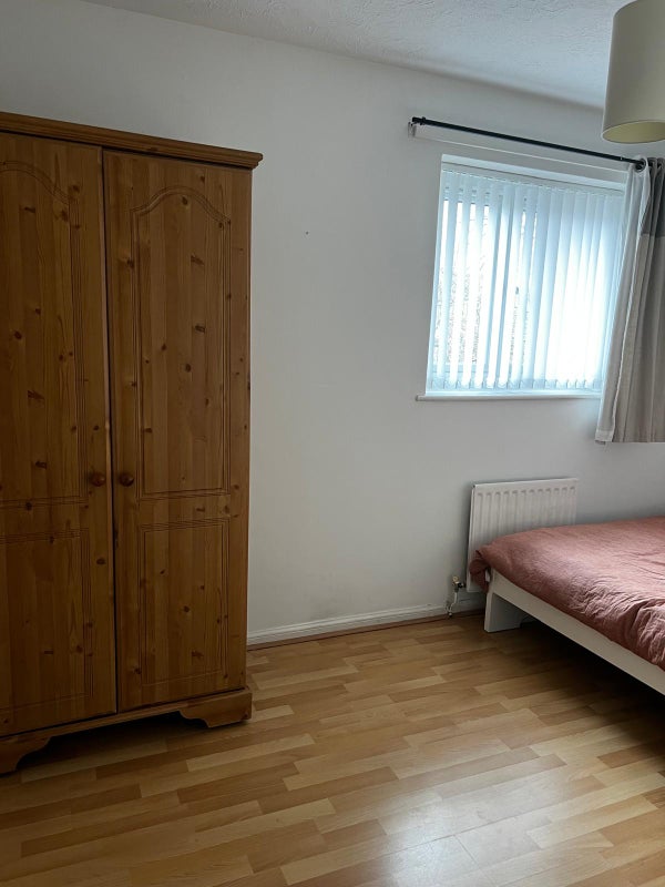 • Small double bedroom with hard flooring, furnished with a bed, bedside table and wardrobe.
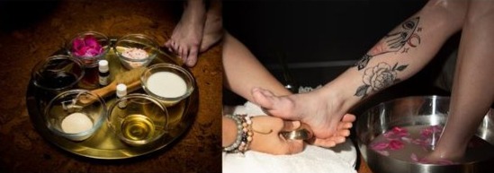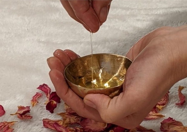 Un massage divin qui procure une grande détente, enracine et aide à équilibrer le corps et l’esprit. On prend le temps de se déposer et d’ouvrir cet espace sacré ensemble. On débute ensuite par un nettoyage des pieds et des jambes, dans un bain de pieds royal composé de pétales de roses, d’huiles essentielles, d’herbes, de lait et de ghee. Suivi d’une exfoliation au miel des pieds et des jambes. Ensuite, débute le massage au bol Kansu effectué à l’aide de ghee (beurre clarifié) et d’une huile végétale biologique (sésame, tournesol), qui vient équilibrer les trois doshas (vata/pitta/kapha). Le tout accompagné d’une infusion avec des herbes ayurvédiques biologiques.
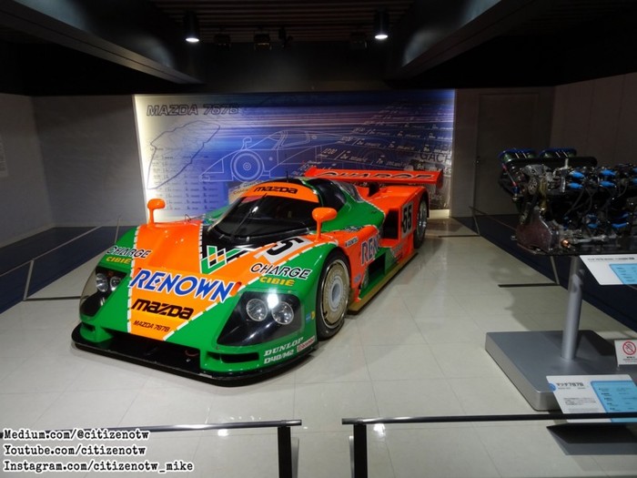 В этом же зале мы знакомимся с гоночным болидом Mazda 787B, который первый (ну и вроде как до сих пор единственный) выиграл гонку на выносливость "24 часа Ле Мана" в 1991 году.
= = = = =
WORK TO COMPLETE: What you produce should repeat the data word for word while omitting all images.

PROBLEM SOLUTION:
 • Small double bedroom with hard flooring, furnished with a bed, bedside table and wardrobe.
 Un massage divin qui procure une grande détente, enracine et aide à équilibrer le corps et l’esprit. On prend le temps de se déposer et d’ouvrir cet espace sacré ensemble. On débute ensuite par un nettoyage des pieds et des jambes, dans un bain de pieds royal composé de pétales de roses, d’huiles essentielles, d’herbes, de lait et de ghee. Suivi d’une exfoliation au miel des pieds et des jambes. Ensuite, débute le massage au bol Kansu effectué à l’aide de ghee (beurre clarifié) et d’une huile végétale biologique (sésame, tournesol), qui vient équilibrer les trois doshas (vata/pitta/kapha). Le tout accompagné d’une infusion avec des herbes ayurvédiques biologiques.
 В этом же зале мы знакомимся с гоночным болидом Mazda 787B, который первый (ну и вроде как до сих пор единственный) выиграл гонку на выносливость "24 часа Ле Мана" в 1991 году.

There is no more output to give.